Formerly a lumber mill town with an estimated population of 400 at its peak, the town was established in 1903 by the Austin-Nicholson company. It was populated primarily by Finnish and Franco-Ontarian workers and their families. A post office, a company store, a Canadian Pacific Railway station, an Anglican church and a school were established in the early 1910s.

Although the mill was profitable for many years, and Austin-Nicholson was the largest producer of railroad ties in the British Empire, the establishment of another mill at nearby Dalton Mills in 1921 limited the town's growth potential. The mill at Nicholson burned down in a fire in 1933 and was not replaced, as the company consolidated its operations at Dalton to reduce costs during the Great Depression.
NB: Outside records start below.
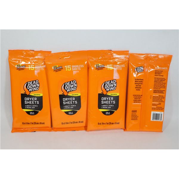 4 NEW 15 PACKS OF DEAD DOWN WIND UNSCENTED DRYER
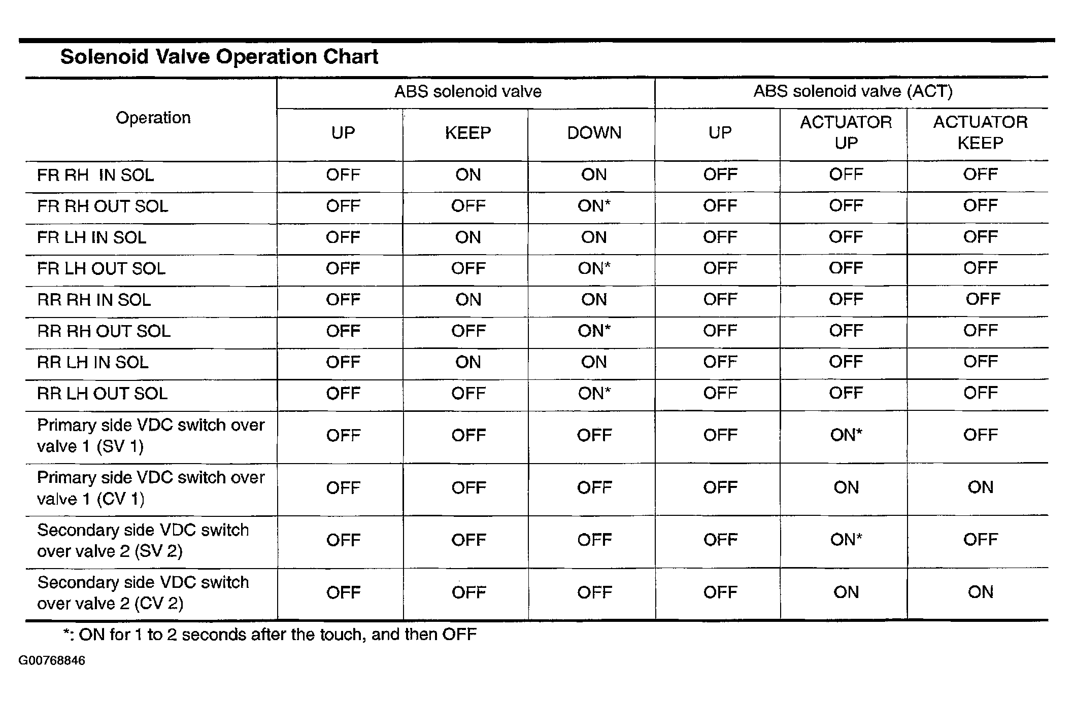 1. For ABS solenoid valve, touch "UP", "KEEP", and "DOWN". Then use screen monitor to check that solenoid valve operates as shown in Solenoid Valve Operation Chart. Refer to Fig 2 .
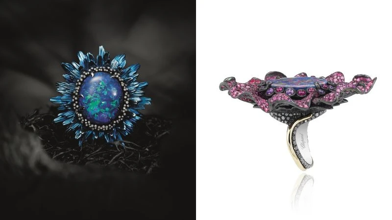 值得一提的是,被西方譽為十月生辰石的蛋白石(Opales)與鑽石同為最美麗的寶石,這個從黑森林裡躍然而出的是9克拉橢圓黑蛋白石,主石外鑲嵌著一圈艷色火紅的花瓣,就如同炫麗的花朵跨入這個神秘奇幻的想像之中。而另一個花園主角就是來自總裁兼創意總監發想的動物王國,以38顆14.14克拉花式切顆彩鑽、858顆花式切割粉紅鑽、247顆花式切割黃鑽與23.94克拉白鑽,2顆心型黃鑽打造的蝴蝶胸針,細緻而充滿工藝技術的作品,也著實令人更期待蕭邦這次在台灣展出的珠寶實力。
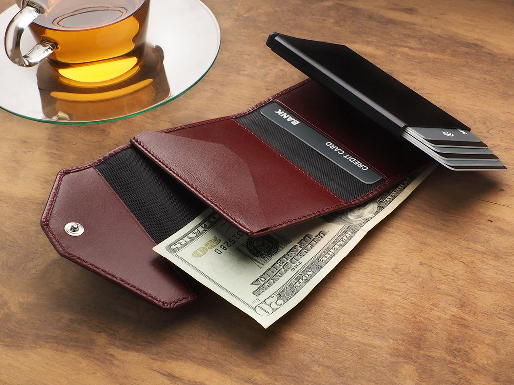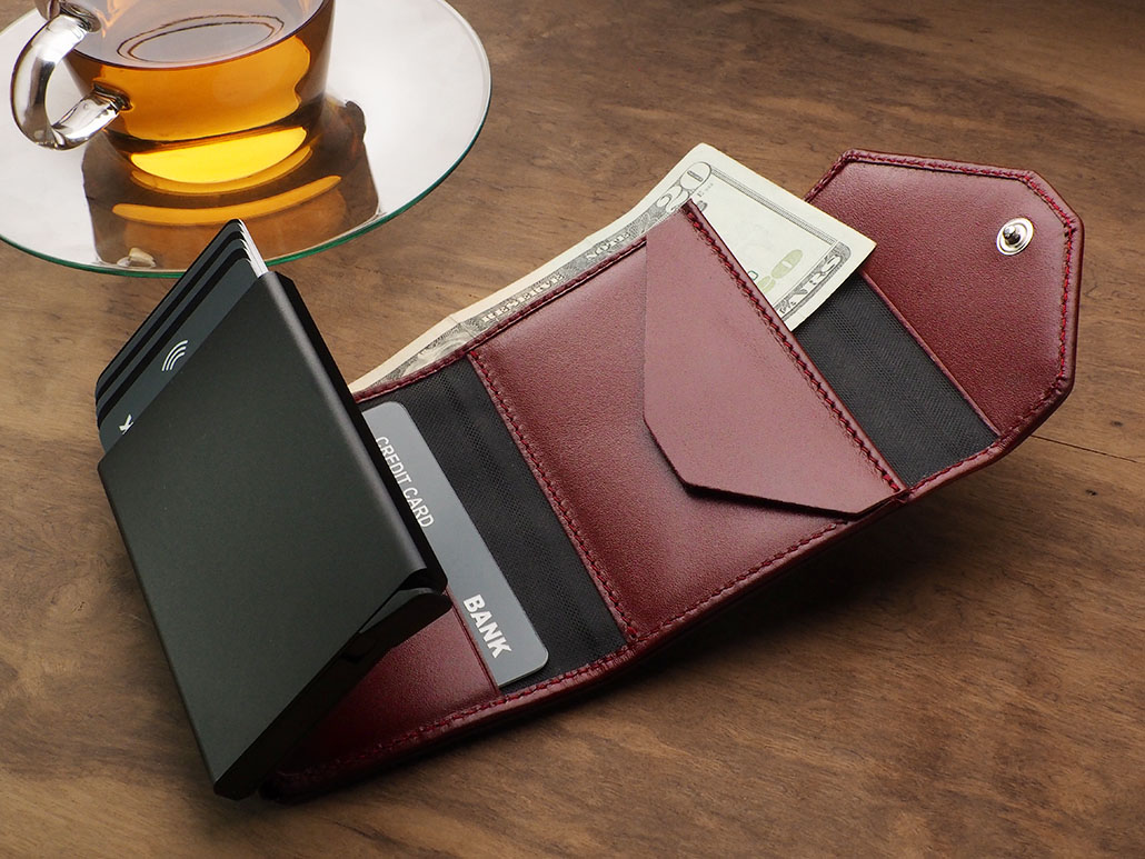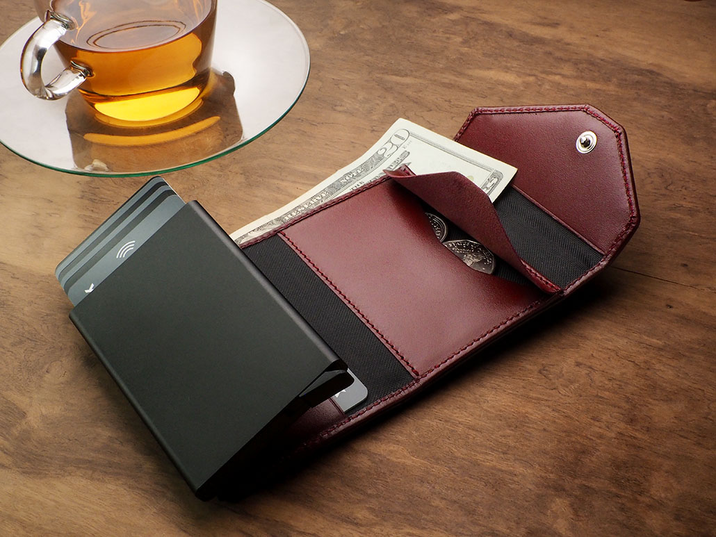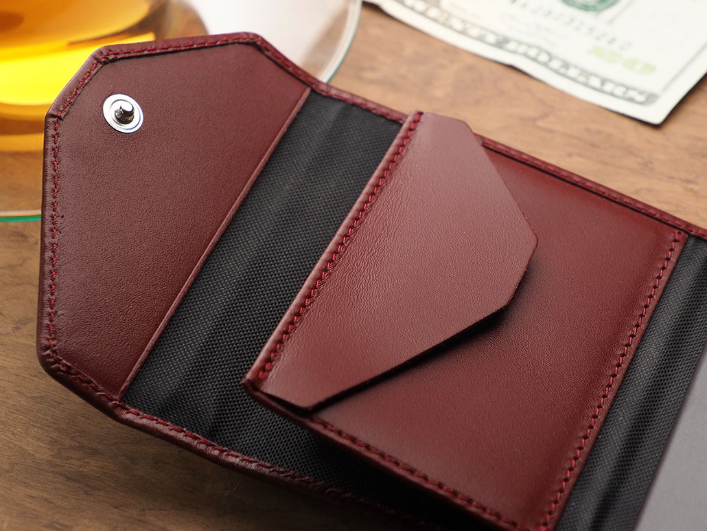 Rafinuota, ir kukli. Pagaminta iš minkštos liesti, išskirtinės itališkos odos. Kruopšti apdaila ir subtilus susiuvimas patenkins bet kurį tobulų detalių mėgėją. Didelė talpa: piniginėje tilps daug kortelių ir kupiūrų, taip pat reikalingos monetos – elegantiškoje vidinėje kišenėje. Lengvai pasiekiamas: specialus laipsniško išstūmimo mechanizmas leidžia greitai pasiekti ieškomą kortelę. Piniginės konstrukcijoje naudojama RFID blokavimo technologija užtikrina, kad jūsų mokėjimo kortelės ir dokumentai būtų visiškai apsaugoti bet kada ir bet kur. Galite lengvai atsikvėpti – jūsų jautrūs asmeniniai duomenys ir grynieji pinigai yra apsaugoti nuo vagystės ar neteisėto nuskaitymo. Registruotas dizainas – unikalus ir vienintelis rinkoje.

A small number of residents continued to live at Nicholson until 1963, when the few remaining businesses were closed down and the remaining residents moved away. In the early 1970s, a proposal was advanced to preserve Nicholson as an historic site, although a fire later destroyed most of the surviving buildings at the townsite.

A NFB film made in 1958 mentions school children from Nicholson getting their schooling while riding a train.